The reaction is represented as:

$$ {}_1{H^2} + {}_1{H^2} \to {}_2{He^4} $$

Given the binding energy per nucleon:

For ${}_1 \mathrm{H}^2$: 1.1 MeV

For ${}_2 \mathrm{He}^4$: 7.0 MeV

Calculating Binding Energy

Binding Energy for Reactants:

Each deuteron (${}_1 \mathrm{H}^2$) has a binding energy of $1.1 \, \text{MeV}$ per nucleon.

Since there are two nucleons in a deuteron, the total binding energy for one deuteron is $1.1 \times 2 = 2.2 \, \text{MeV}$.

Therefore, for two deuterons: $2.2 \times 2 = 4.4 \, \text{MeV}$.

Binding Energy for Product:

For ${}_2 \mathrm{He}^4$: Each of the four nucleons has a binding energy of $7.0 \, \text{MeV}$.

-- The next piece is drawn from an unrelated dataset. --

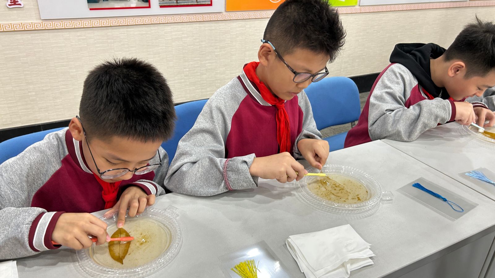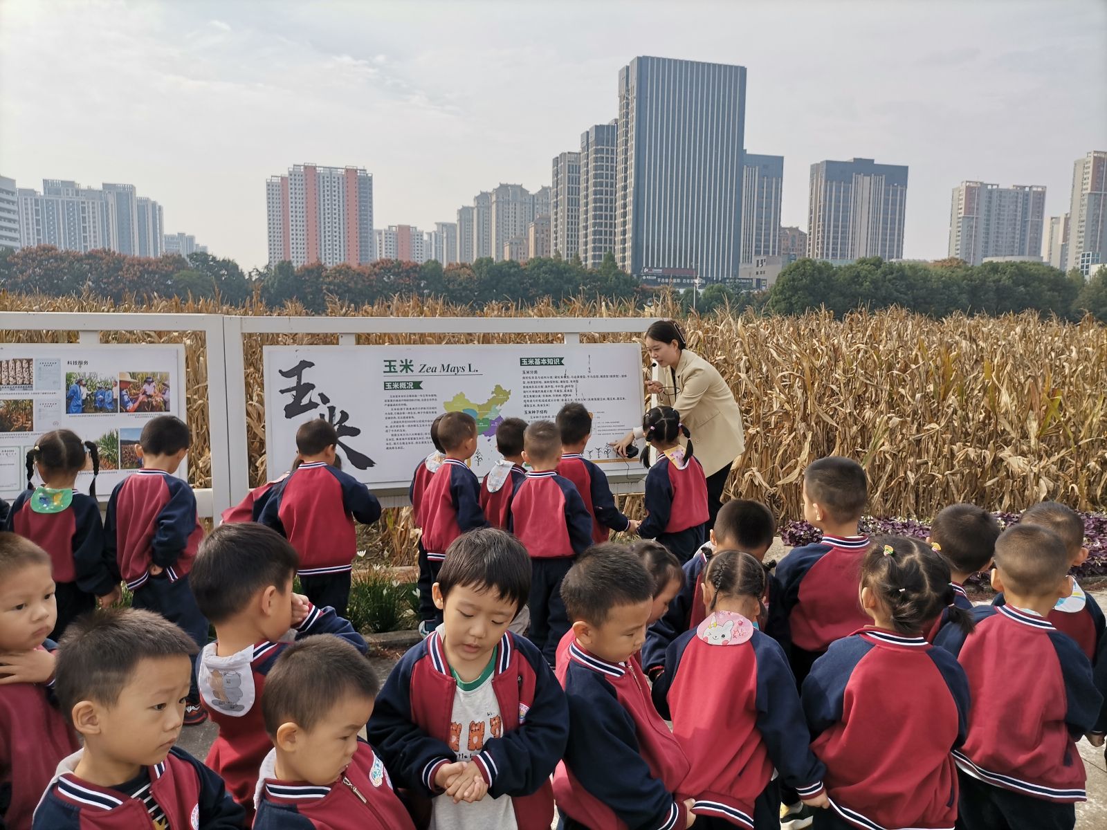 春种一粒粟,秋收万颗子,秋天市农科院的试验基地满是“黄金甲”。100名小学生在我院科普讲解员的带领下分别参观了粮食作物、蔬菜、植物新品种测试、芳香植物试验田、设施大棚和温室。期间我院科研人员分别为同学们现场讲解了玉米、红薯、水稻、芳香植物和植物新品种测试相关的科普知识。随后在综合楼内,科普讲解员向同学们展示并介绍了我院主要科研成果。最后以动画的形式向幼儿园的小朋友们介绍了“一粒米的成长历程”,以学习制作叶脉书签的过程带领小学生了解叶子的“奥秘”。

Total binding energy for the helium nucleus: $7.0 \times 4 = 28.0 \, \text{MeV}$.

Energy Released (Q)

The energy released, $ \mathrm{Q} $, is the difference between the binding energy of the products and the reactants:

$ \mathrm{Q} = \mathrm{BE}_{\text{product}} - \mathrm{BE}_{\text{reactants}} = 28.0 \, \text{MeV} - 4.4 \, \text{MeV} = 23.6 \, \text{MeV} $

Thus, the energy released when two deuterons fuse to form a helium nucleus is 23.6 MeV.